My heavens… my sweet heavens. I’m going to try hard to maintain my composure and professionalism, but it’s hard as a space professional to deal with debasing of our work.
The very notion that shooting up one more person means one more person shot up… and therefore “more done git”… is a child’s notion of space exploration. Much like the schoolchildrens’ experiment of putting up an ant colony into orbit aboard the shuttle, when given a chance in the late ‘80s to fly their own experiment. Because ants in space! In space! They’re in space! (I wonder if this is how Christian ecclesiastics feel about Santa Claus as theology.)
The notion of humans in space because humans in space is a late-‘50s notion, already dated by the late ‘60s, let alone the mid ‘70s. Human presence aboard space vehicles needs a mission requirement and a success criterion, which in the first few years was simply proving (in the sense of field trials, i.e., proving grounds) that it could be done, then proving further details and decimal places on the criteria. After reasonably concluding that it could be done, humans in space because humans is then a stunt, not a fulfilled requirement. This was the path of the aviation industry, after the experimental era (1900s to ~World War I) led to the Barnstorming Era (Air circuses and sideshows), because neither air mail nor airlines turned a profit without massive subsidization.
We are not staging circuses for public amusement… or at least, I refuse to. Private billionaires are tacitly doing so, and as long as it’s their money then they can blow it. And yet, neither Branson, Bezos, Ansari, or Musk are interested in throwing their billions to hacks and amateurs. In the direct sense, a billion can disappear before you realize it, and then you’re down a billion. In the operations sense, these vehicles (and more) operate in ranges, airspaces and orbital zones that result in consequences for failure. Rutan had a propellant explosion ON THE GROUND that killed a few of his employees- even aside from labor violations, you won’t keep your operation running when your own staff fear for their jobs/lives/whatevers. Dropping a live rocket on a populated area can also make a billion disappear before you know it, so these (current) billionaires are thinking twice before approving plans and cutting metal.
And those are the stunters, at least at first glance.

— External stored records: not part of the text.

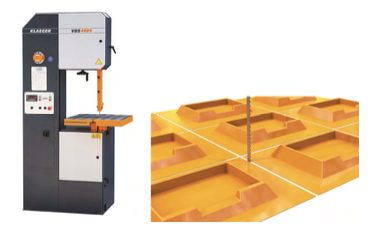 The single or multiple vacuum forming sheet is placed on the conveyor belt of the machine. As the vacuum forming advances through the machine the waste material is trimmed from the remaining part by a horizontal band saw blade. Leaves quite a reasonable edge, but may require scraping.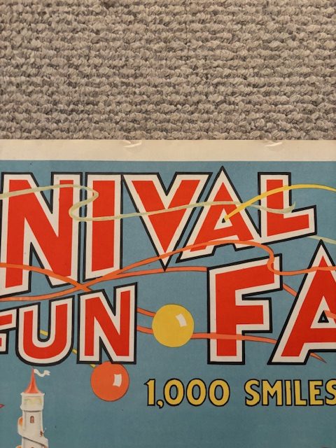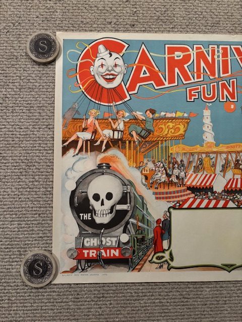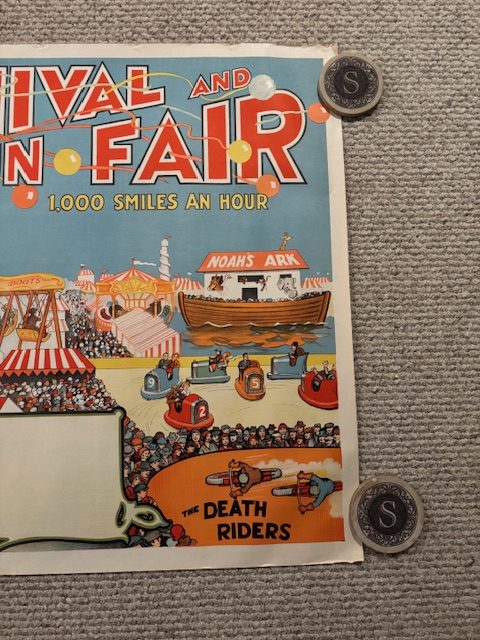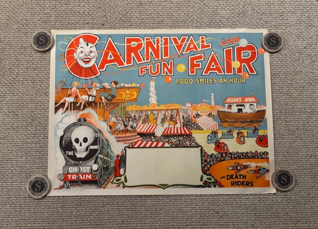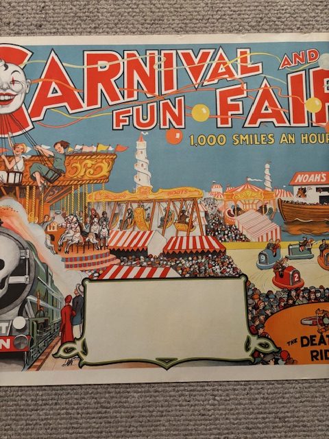 This rare Fun Fair and Carnival poster from Willsons of Leicester was printed in the 1930s. The blank white section would be where dates, times and location would be stamped. Featuring The Death Riders, Ghost Train and Noah’s Ark among other rides.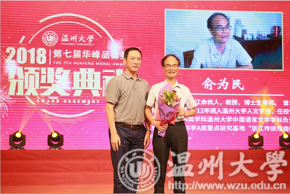2018年9月12日,麻豆视频第七届华峰品德奖颁奖大会在育英大礼堂落下帷幕,我院俞为民老师获奖,成为学校十大品德模范人物之一。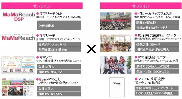 「オンライン」と「オフライン」の双方から、独自のネットワークとノウハウで子育て中のママたちにアプローチし、“ママのこえ”を集めたり、ママたちに情報を配信します。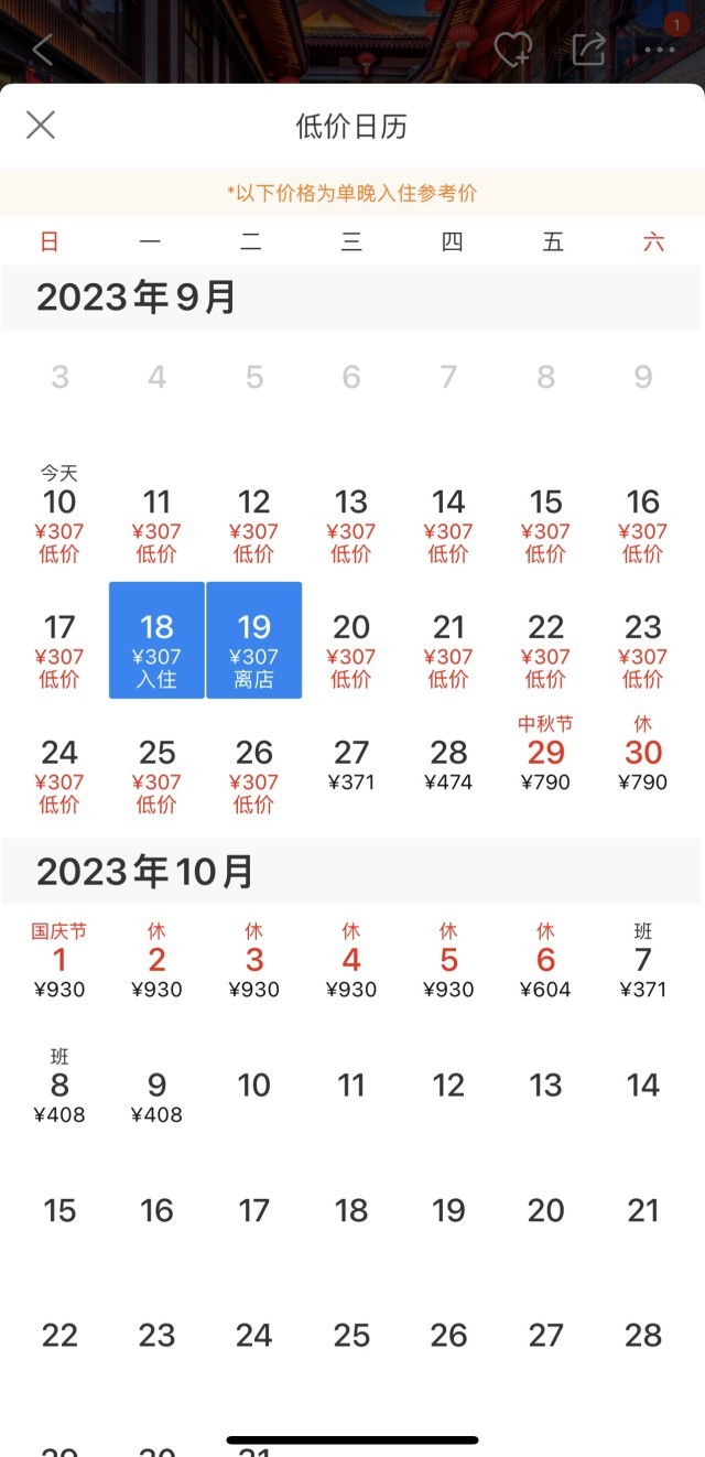 另一家距离西安大唐不夜城出入口300米以内的经济型酒店,平日最低价格仅307元/晚,而9月29日、30日入住的客房最低价格为790元,是平日价格的2.57倍;10月1日和10月2日入住的客房最低价格为930元,是平日价格的3.03倍。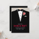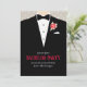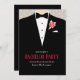 Elegant graphic groom in tuxedo and a single red rose bachelor party invitation. Edit these invitations with your own words, grooms name and pre wedding event details. © Unique design and graphic art by Sarah Trett. www.sarahtrett.com for www.mylittleedenweddings.com

Branson and Bezos actually hope to (eventually) make their money back and then some by selling tickets; Musk plans on making the investment pay back via Starlink, third-party payloads, DoD/NASA contracts, etc. (There’s the Mars PR, but it’s possible that the notion of “Mars!” is a marketing/advertising gambit for the benefit of the greater operation.) The rest of us are NOT doing some stunt: space because “space!”.

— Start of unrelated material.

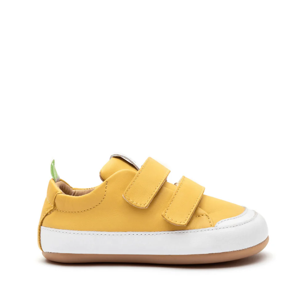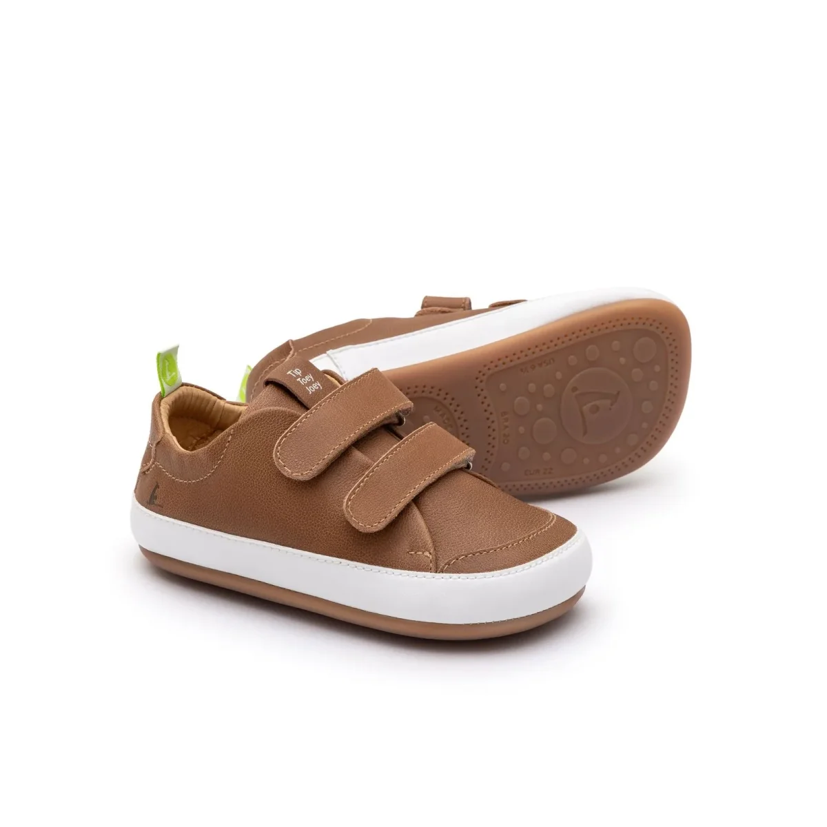 El modelo BOSSY de Tip Toey Joey, hecho de cuero suave, cuenta con cierres de velcro fáciles de ajustar, diseño cero drop que respeta la postura natural del pie, suela flexible y antideslizante, además de un práctico pliegue en la parte trasera que facilita el calce para que los más pequeños puedan ponérselos por sí mismos con total comodidad.

Therefore, making the success criteria lower, not higher, is less than possible, it’s actually harmful to our industry (at least, by certain metrics). The loss of schedule due to post-investigation grounding leads to loss of funds (time is money), loss of staff (trained engineers can jump to other fields), loss of capital via investor flight… and in the general sense another loss of confidence may lead to yet another “space winter” just like for AI.
Santa Claus can lower his sleigh margins because… Santa and the sleigh aren’t real, and the presents will arrive without consequences. You can also search for the schoolchildrens’ space ant project to see what waste looks like (though no real monetary consequence occurred). Meanwhile, those of us with real paychecks for successfully meeting our real mission criteria- not amusing a fickle and distractable audience- won’t waste our time and effort.
My source: over twenty years of academic/DoD/NASA work. With paychecks to match, because the goal wasn’t amusement. (Therefore, almost all of those projects were uncrewed, not wasteful.)